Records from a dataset
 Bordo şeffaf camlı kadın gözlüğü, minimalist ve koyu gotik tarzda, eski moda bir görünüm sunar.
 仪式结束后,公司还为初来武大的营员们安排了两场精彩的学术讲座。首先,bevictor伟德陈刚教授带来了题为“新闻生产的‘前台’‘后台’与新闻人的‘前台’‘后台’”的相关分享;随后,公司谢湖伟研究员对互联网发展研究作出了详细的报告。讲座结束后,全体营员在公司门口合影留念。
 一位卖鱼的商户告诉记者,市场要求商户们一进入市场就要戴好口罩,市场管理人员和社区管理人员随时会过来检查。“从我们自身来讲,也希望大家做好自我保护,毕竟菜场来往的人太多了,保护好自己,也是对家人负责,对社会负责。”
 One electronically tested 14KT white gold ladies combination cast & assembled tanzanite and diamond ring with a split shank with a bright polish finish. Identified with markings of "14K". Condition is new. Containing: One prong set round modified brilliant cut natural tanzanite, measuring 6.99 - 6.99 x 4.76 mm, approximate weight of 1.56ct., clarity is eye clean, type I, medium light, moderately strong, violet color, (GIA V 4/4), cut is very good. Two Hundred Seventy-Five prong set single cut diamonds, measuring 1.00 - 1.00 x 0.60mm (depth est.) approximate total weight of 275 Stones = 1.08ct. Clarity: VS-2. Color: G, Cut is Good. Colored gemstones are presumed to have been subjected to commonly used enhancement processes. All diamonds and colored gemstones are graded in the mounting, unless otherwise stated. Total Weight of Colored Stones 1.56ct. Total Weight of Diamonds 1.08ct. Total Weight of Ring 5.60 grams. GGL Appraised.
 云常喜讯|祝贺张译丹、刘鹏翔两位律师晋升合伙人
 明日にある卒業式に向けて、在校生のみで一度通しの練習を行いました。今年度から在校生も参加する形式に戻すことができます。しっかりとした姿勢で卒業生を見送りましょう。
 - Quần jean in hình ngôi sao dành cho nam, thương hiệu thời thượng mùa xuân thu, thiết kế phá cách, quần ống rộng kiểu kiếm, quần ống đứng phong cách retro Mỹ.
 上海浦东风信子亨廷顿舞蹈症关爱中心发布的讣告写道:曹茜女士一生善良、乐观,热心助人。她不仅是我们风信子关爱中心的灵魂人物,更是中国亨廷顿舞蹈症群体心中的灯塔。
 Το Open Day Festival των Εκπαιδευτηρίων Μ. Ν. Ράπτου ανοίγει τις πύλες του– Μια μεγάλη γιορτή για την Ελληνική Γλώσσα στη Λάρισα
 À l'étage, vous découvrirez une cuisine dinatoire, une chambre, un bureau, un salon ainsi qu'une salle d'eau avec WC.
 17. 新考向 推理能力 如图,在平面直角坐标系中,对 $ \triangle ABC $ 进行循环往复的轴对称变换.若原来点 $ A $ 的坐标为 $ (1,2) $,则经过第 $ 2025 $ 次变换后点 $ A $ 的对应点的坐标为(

**Aim of the exercise:** Restate the records exactly. Leave nothing out.

**Task result:**
 Bordo şeffaf camlı kadın gözlüğü, minimalist ve koyu gotik tarzda, eski moda bir görünüm sunar.
 仪式结束后,公司还为初来武大的营员们安排了两场精彩的学术讲座。首先,bevictor伟德陈刚教授带来了题为“新闻生产的‘前台’‘后台’与新闻人的‘前台’‘后台’”的相关分享;随后,公司谢湖伟研究员对互联网发展研究作出了详细的报告。讲座结束后,全体营员在公司门口合影留念。
 一位卖鱼的商户告诉记者,市场要求商户们一进入市场就要戴好口罩,市场管理人员和社区管理人员随时会过来检查。“从我们自身来讲,也希望大家做好自我保护,毕竟菜场来往的人太多了,保护好自己,也是对家人负责,对社会负责。”
 One electronically tested 14KT white gold ladies combination cast & assembled tanzanite and diamond ring with a split shank with a bright polish finish. Identified with markings of "14K". Condition is new. Containing: One prong set round modified brilliant cut natural tanzanite, measuring 6.99 - 6.99 x 4.76 mm, approximate weight of 1.56ct., clarity is eye clean, type I, medium light, moderately strong, violet color, (GIA V 4/4), cut is very good. Two Hundred Seventy-Five prong set single cut diamonds, measuring 1.00 - 1.00 x 0.60mm (depth est.) approximate total weight of 275 Stones = 1.08ct. Clarity: VS-2. Color: G, Cut is Good. Colored gemstones are presumed to have been subjected to commonly used enhancement processes. All diamonds and colored gemstones are graded in the mounting, unless otherwise stated. Total Weight of Colored Stones 1.56ct. Total Weight of Diamonds 1.08ct. Total Weight of Ring 5.60 grams. GGL Appraised.
 云常喜讯|祝贺张译丹、刘鹏翔两位律师晋升合伙人
 明日にある卒業式に向けて、在校生のみで一度通しの練習を行いました。今年度から在校生も参加する形式に戻すことができます。しっかりとした姿勢で卒業生を見送りましょう。
 - Quần jean in hình ngôi sao dành cho nam, thương hiệu thời thượng mùa xuân thu, thiết kế phá cách, quần ống rộng kiểu kiếm, quần ống đứng phong cách retro Mỹ.
 上海浦东风信子亨廷顿舞蹈症关爱中心发布的讣告写道:曹茜女士一生善良、乐观,热心助人。她不仅是我们风信子关爱中心的灵魂人物,更是中国亨廷顿舞蹈症群体心中的灯塔。
 Το Open Day Festival των Εκπαιδευτηρίων Μ. Ν. Ράπτου ανοίγει τις πύλες του– Μια μεγάλη γιορτή για την Ελληνική Γλώσσα στη Λάρισα
 À l'étage, vous découvrirez une cuisine dinatoire, une chambre, un bureau, un salon ainsi qu'une salle d'eau avec WC.
 17. 新考向 推理能力 如图,在平面直角坐标系中,对 $ \triangle ABC $ 进行循环往复的轴对称变换.若原来点 $ A $ 的坐标为 $ (1,2) $,则经过第 $ 2025 $ 次变换后点 $ A $ 的对应点的坐标为(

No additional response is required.